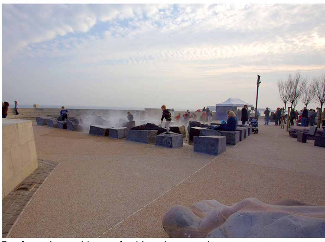
Fog fountain provides a refreshing playground
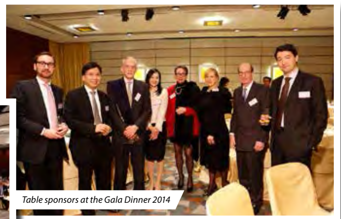
Table sponsors at the Gala Dinner 2014
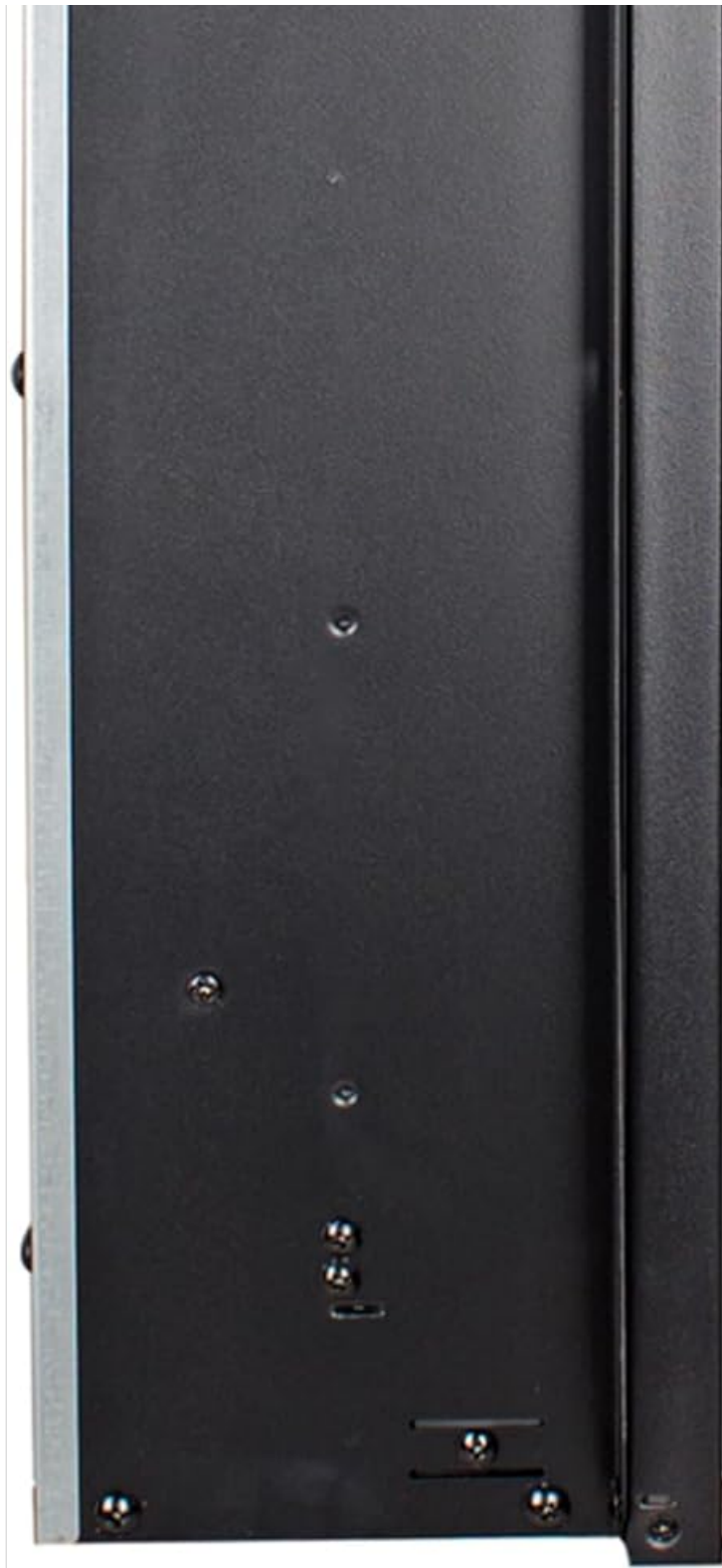
Side profile of the fireplace insert, highlighting the power cord and its connection point.
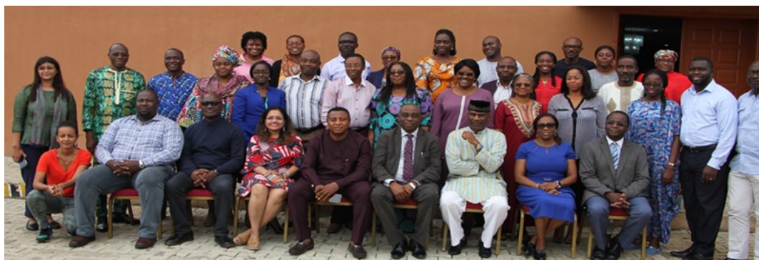
Joint UN team on AIDS retreat, Lagos, 11-14 June 2019

The annual mid-year retreat for the UN Joint team on AIDS (UNJTA) in Nigeria took place in Lagos from 11-14 June 2019. The meeting brought together some 40 participants from the UN agencies, the government (NACA and MOH) and major donors (PEPFAR and Global Fund) to reposition the HIV response and maximise impact in Nigeria, in the aftermath of the historical Nigeria AIDS Indicator and Impact Survey (NAIIS). The retreat was framed within the broader context of the 2018-2022 United Nations Sustainable Development Partnership Framework (UNSDPF), along with the ongoing UN reform agenda at the country level emphasizing new generation country teams fixated on strategic collective actions, results and accountability.
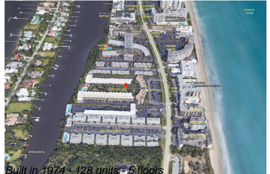
Built in 1974 - 128 units - 5 floors
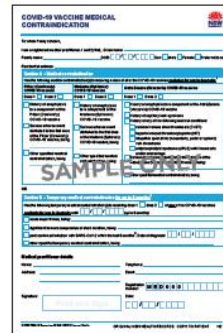
(shown as a printed copy. Must be signed by a doctor)
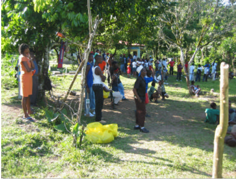
Residents relaxing and watching cricket
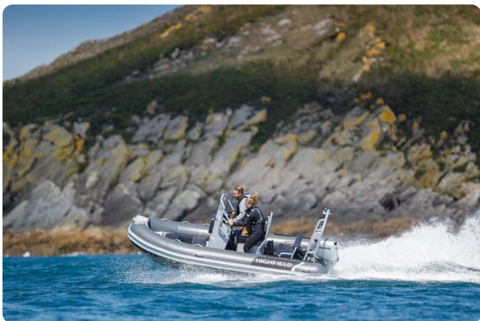
Highfield Classic 460 aluminium RIB - on the water
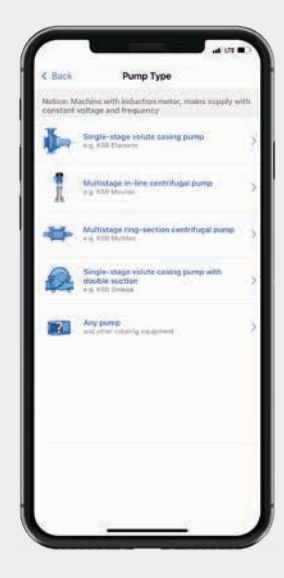
Step 2 Select your pump type.

▶ Exercise aim:
Stop at the line containing "Joint UN team" and include it. Everything from the first line of the material up to there is to be repeated exactly, leaving out pictures.

▶ Written solution:
Fog fountain provides a refreshing playground
Table sponsors at the Gala Dinner 2014
Side profile of the fireplace insert, highlighting the power cord and its connection point.
Joint UN team on AIDS retreat, Lagos, 11-14 June 2019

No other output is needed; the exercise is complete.